I want download data from a database by portions. Initially I download first 500 rows and then I send a request to fetch next 500 rows and so on until I receive all data from a server.

I wrote the code:

(jdbc/atomic conn
 (with-open [cursor (jdbc/fetch-lazy conn [sql_query])]
   (let [lazyseq (jdbc/cursor->lazyseq cursor)
         counter (atom 1)]
     (swap! lazyseq_maps assoc :session_id {:get_next? (chan 1) :over_500 (chan 1) :data []})
     (>!! (:get_next? (:session_id @lazyseq_maps)) true)
     (go
       (doseq [row lazyseq]
         (swap! counter inc)
         (when (<! (:get_next? (:session_id @lazyseq_maps)))
           (swap! lazyseq_maps update-in [:session_id :data] conj row)
           (if (not= 0 (mod @counter 500))
             (>! (:get_next? (:session_id @lazyseq_maps)) true)
             (>! (:over_500 (:session_id @lazyseq_maps)) true))))
        ;
        (close! (:get_next? (:session_id @lazyseq_maps)))
        (close! (:over_500 (:session_id @lazyseq_maps)))
        (.close conn))

     (when (<!! (:over_500 (:session_id @lazyseq_maps))) {:message "over 500 rows"
                                                          :id :session_id
                                                          :data (:data (:session_id @lazyseq_maps))}))))

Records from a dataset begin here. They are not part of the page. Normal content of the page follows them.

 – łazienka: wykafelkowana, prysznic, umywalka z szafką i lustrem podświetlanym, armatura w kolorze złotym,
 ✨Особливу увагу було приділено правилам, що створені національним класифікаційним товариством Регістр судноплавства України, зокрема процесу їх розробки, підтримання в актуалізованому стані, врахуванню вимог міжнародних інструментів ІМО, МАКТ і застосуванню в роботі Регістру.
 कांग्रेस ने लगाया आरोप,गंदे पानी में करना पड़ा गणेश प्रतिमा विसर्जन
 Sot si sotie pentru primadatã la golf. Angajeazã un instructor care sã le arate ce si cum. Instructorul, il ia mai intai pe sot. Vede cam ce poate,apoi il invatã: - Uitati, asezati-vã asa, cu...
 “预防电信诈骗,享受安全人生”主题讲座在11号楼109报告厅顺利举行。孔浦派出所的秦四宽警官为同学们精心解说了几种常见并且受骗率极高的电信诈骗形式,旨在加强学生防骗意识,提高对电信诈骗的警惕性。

I fetch rows with help of the doseq cycle. When doseq passed 500 rows I park the cycle (when (<! (:get_next? (:session_id @lazyseq_maps))) and wait for a signal from outside to retrieve next 500 rows.

But here I have a problem. When I send the signal, the program throws error "Resultset is closed". I.e connection is closed outside with-open scope. But I don`t understand why, because go block is placed inside with-open scope. Can you help me solve the problem?

回答1:

(go ...) returns immediately, therefore, so does (with-open ...).

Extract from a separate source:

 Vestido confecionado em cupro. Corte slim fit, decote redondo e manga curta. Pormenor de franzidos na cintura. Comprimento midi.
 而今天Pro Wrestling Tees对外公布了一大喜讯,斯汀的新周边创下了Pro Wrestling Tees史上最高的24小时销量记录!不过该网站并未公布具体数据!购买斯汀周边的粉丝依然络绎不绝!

You may want to do it the other way around:

(go (with-open ...))

However, do note that this process will hold on to a database connection (a scarce resource!) for a potentially very long time, which may not be desirable, and kind of goes against the benefit of having 'lightweight' threads thanks to go blocks. Here are some alternatives to consider:

  • Maybe you could re-open a database connection for each batch?
  • Maybe you could eagerly stream the whole results set to an external store (e.g AWS S3) and have the client poll against that?


回答2:

Unless you are on a seriously memory constrained system, I would recommend just load all rows at once to RAM and close the DB connection. Otherwise your complete solution will likely be very complex and difficult to test and reason about.

If you have tens of millions of rows maybe you could fetch them in some partitions?